A recent focus of the lab has regarded earliest stages of neurogenesis in the CNS, including the unusual and long-mysterious behavior of the radial glial progenitor (RGP) cells, known as INM (interkinetic nuclear migration). The processes of the RGP cells span the entire thickness of the developing cortex from the ventricles to the pial surface of the brain, and serve as guides for migrating neurons.

Equally important, the RGP cells are also highly proliferative and multiply to give rise to most of the neurons and glial cells in the developing brain.  The RGPs exhibit a remarkable form of cell cycle-dependent nuclear oscillation y behavior: the nuclei divide at the surface of the ventricle, ascend "basally" during G1, undergo S-phase, and then return  during G2 to the ventricle to divide again. The physiological purpose and underlying mechanisms for this highly conserved behavior have remained largely unexplored until recently. Our lab found that, whereas  cytoplasmic dynein controls apical INM in the RGP cells, a  specific form of kinesin, known as KIF1A, i s responsible for G1-dependent  basal nuclear migration (Tsai et al., 2010).  KIF1A is also the same gene under investigation at Columbia and elsewhere in conjunction with KIF1A.ORG for understanding and potentially controlling the clinical consequences of Kif1a mutations in children.) 

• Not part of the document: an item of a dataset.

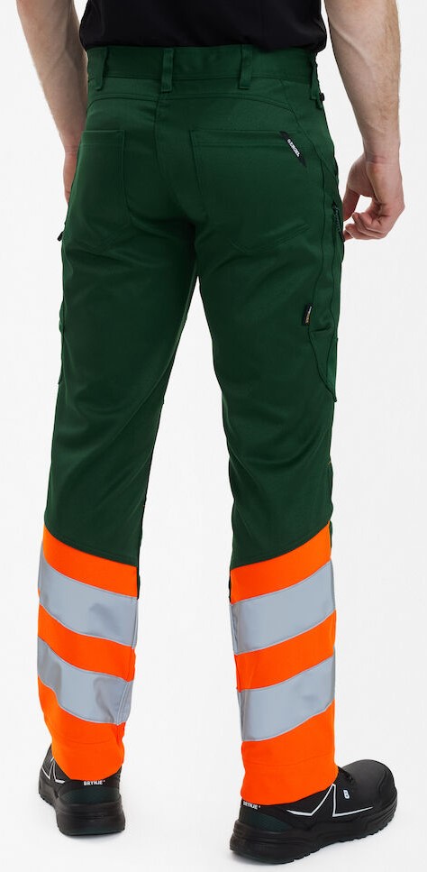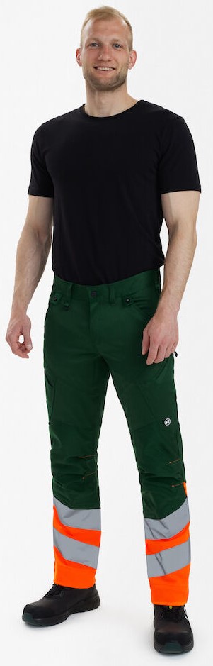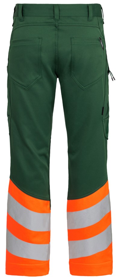 Dehnbare, funktionelle und fluoreszierende Hose im modernen Design. Optimale Passform mit u. a. ergonomisch geformtem Kniebereich. Der dehnbare Stoff sorgt für optimale Bewegungsfreiheit und Komfort. D-Ring vorne für die Befestigung von z. B. Ausweisen. Zwei geräumige Schrägtaschen vorne. Zwei Gesäßtaschen. Zwei Schenkeltaschen mit Reißverschluss. Die linke Schenkeltasche hat eine zusätzliche Handytasche. Die rechte Schenkeltasche hat eine aufgesetzte Zollstocktasche mit zusätzlichen Unterteilungen sowie eine Messertasche, beide Taschen sind verstärkt. Knieverstärkung/Knietasche mit Klettverschluss unten und besteht aus CORDURA®-Material. Reflexstreifen am Unterschenkel. Breiter Saum unten, der ausgelassen werden kann, wenn zusätzliche Beinlänge erforderlich ist. Um die Hose zu verlängern, muss lediglich eine Naht aufgetrennt werden. Das Hosenbein ist trotzdem noch gesäumt. Bekleidungsklasse 1. Nach 50 mal Waschen getestet.

Other questions of current interest in our lab involve the cytoplasmic dynein accessory factors BicD2 (Bicaudal D2) and RILP the (the Rab-Interacting Lysosomal Protein).  BicD2 is an orthologue of the Drosophila  gene Bicaudal-D, and both the Drosophila and vertebrate gene products act as important cytoplasmic dynein regulatory factors.  We have found that human BICD2 mutations also cause severe brain developmental defects which can be understood in terms of the principles of neurogenesis and migration worked out in our other studies (see above). 

We have also found the long-known protein RILP (Rab7-associated lysosomal protein) to be involved in a novel cellular mechanism to protect against adenovirus infection.  We have since found that RILP plays novel roles in linking cytoplasmic dynein to autophagosomes via direct interactions with LC3 and Atg5.  We found that RILP controls AP transport, and that, RILP expression is regulated by mTOR inhibition and to controls AP transport, but autophagic turnover as well.  Studies are under way in the lab  to understand the full range of roles for RILP roles in autophagy, and more of its physiological and pathophysiological importance.

How long have you had your lab? When did you join Columbia University?

Since 2022

How big is your lab currently?

6 members

Where is your lab located?

VP&S 15-410

Lab management:

How do members of your lab celebrate accomplishments?

Lunch

Does your lab have any fun traditions?

Dinners at ASCB meetings

What was the most exciting part about starting your new lab?

Many bright students and postdocs

CSCI:

What was the main reason of you joining CSCI? What are the beneficial aspects of CSCI membership for your lab?

Through our work on lissencephaly, microcephaly,  and other brain developmental diseases,  we found the cell biology of neural progenitors to be very exciting, with important implications for resolving multiple basic and classic questions in brain development.

What do you plan to bring to the CSCI community?

We have expanded methods of live in situ imaging of neural  progenitor cell migration, which might begin to answer many other developmental questions.